What financing did Aditxt (ADTX) announce in this 8-K?

Aditxt entered a Note Purchase Agreement to issue senior secured convertible notes. The notes combine $725,000 in new cash proceeds with consolidation of existing notes, all subject to a 35% original issue discount, providing liquidity while restructuring prior debt obligations.

How were Aditxt’s existing notes treated under the new agreement?

Earlier March and April notes were consolidated into the new series. Existing March notes had original principal of $3,194,444.44 and April notes $1,250,000. These prior obligations were rolled into the new senior secured convertible notes alongside the cash component.

What collateral secures Aditxt’s new senior secured convertible notes?

The notes are secured by Ignite’s assets and Aditxt’s equity in Ignite. Ignite granted a security interest over substantially all of its assets under a Security Agreement, and Aditxt pledged its equity in Ignite under a Pledge Agreement in favor of the investors’ collateral agent.

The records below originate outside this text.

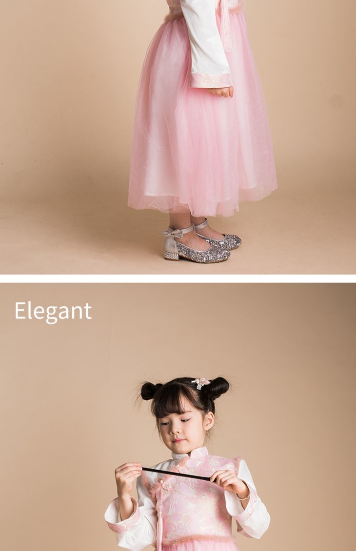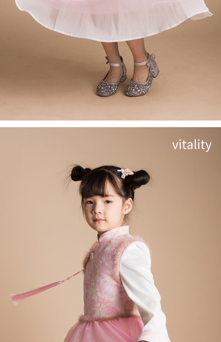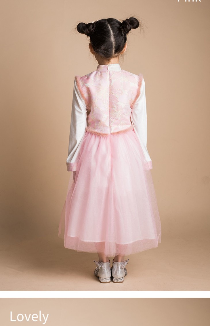 pureshare蓬纱馆 女童拜年礼服中国风宝宝连衣裙保暖冬装-粉月季提花年服
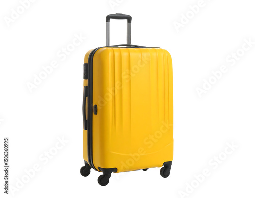 Yellow Suitcase: Rolling Luggage, Travel Bag, Vacation Packing PNG, Transparent Background.
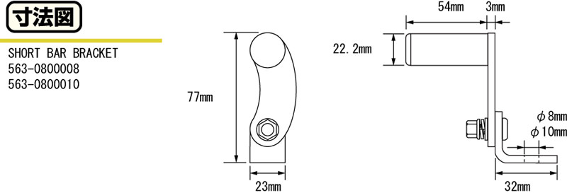 ショートバーブラケット ブラック M8穴取付用 KITACO(キタコ)
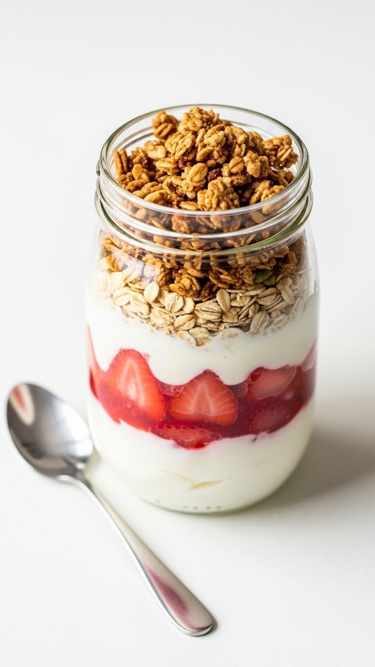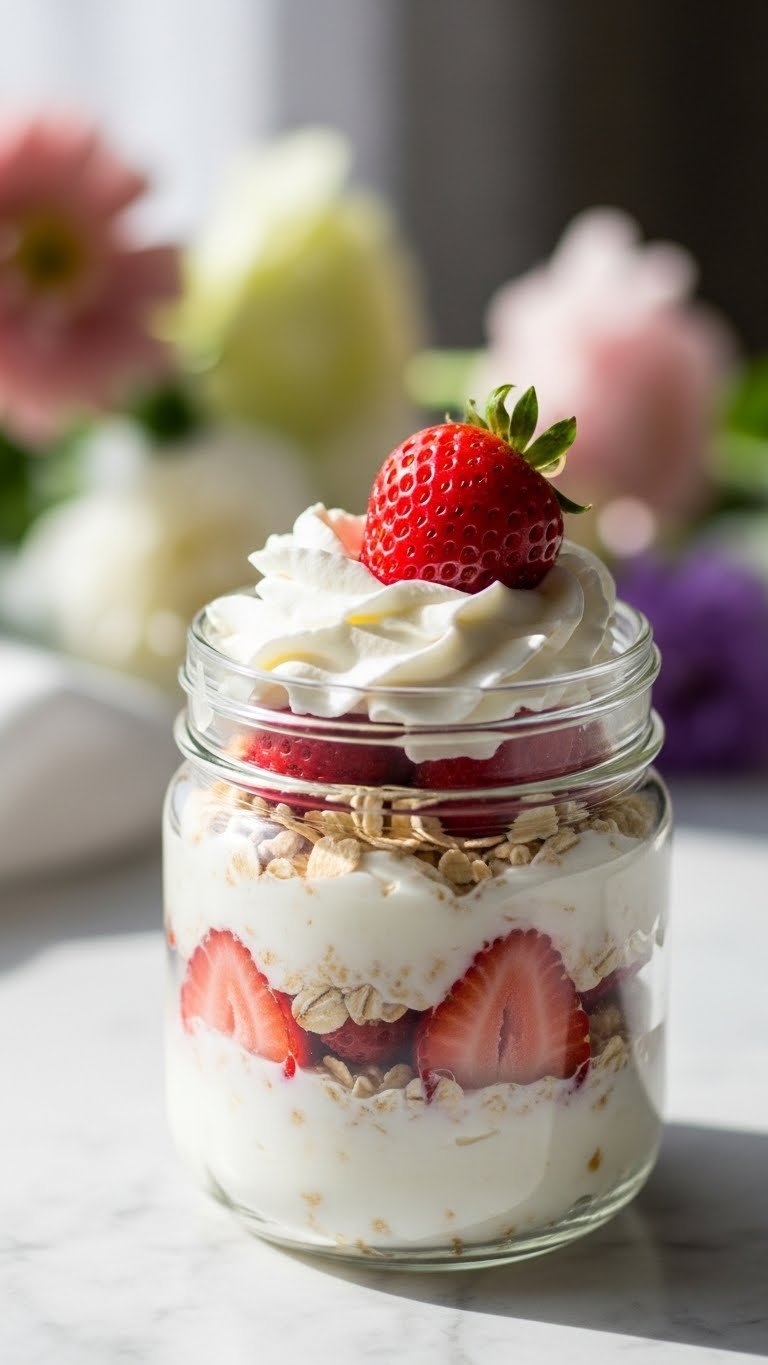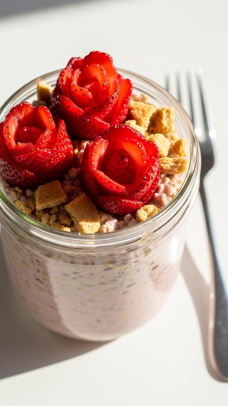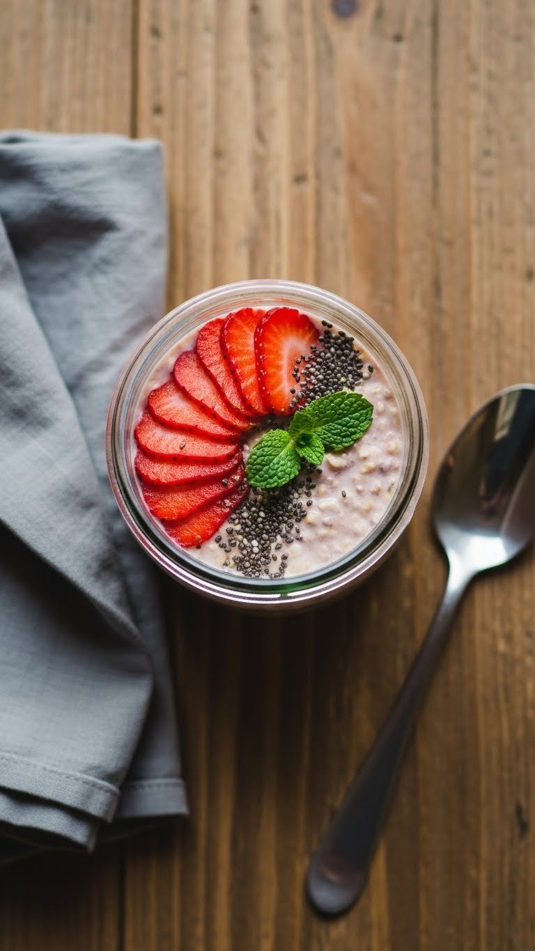 Serve in the jar or spoon into a bowl. Garnish with fresh strawberry halves and mint. Pair with a hot coffee or green tea and a hard-boiled egg for protein. Store sealed in the fridge up to 3 days. For travel, keep chilled in an insulated bag. Make a batch of jars for weekday breakfasts.

How much new cash did Aditxt receive from the convertible notes?

The financing includes approximately $725,000 in cash proceeds. The aggregate original principal amount of the notes equals this cash plus the outstanding obligations under existing notes, all issued with a 35% original issue discount as described in the agreement.

Were Aditxt’s new notes registered with the SEC or privately placed?

The notes were sold in a private placement exempt from registration. Aditxt relied on Section 4(a)(2) of the Securities Act and Rule 506(b) of Regulation D, selling only to accredited investors who represented they were acquiring the securities for investment purposes.

What original issue discounts applied to Aditxt’s prior notes?

The earlier notes carried 10% and 25% original issue discounts. March notes had a 10% discount with original principal of $3,194,444.44, and April notes had a 25% discount with original principal of $1,250,000, both now consolidated into the new series.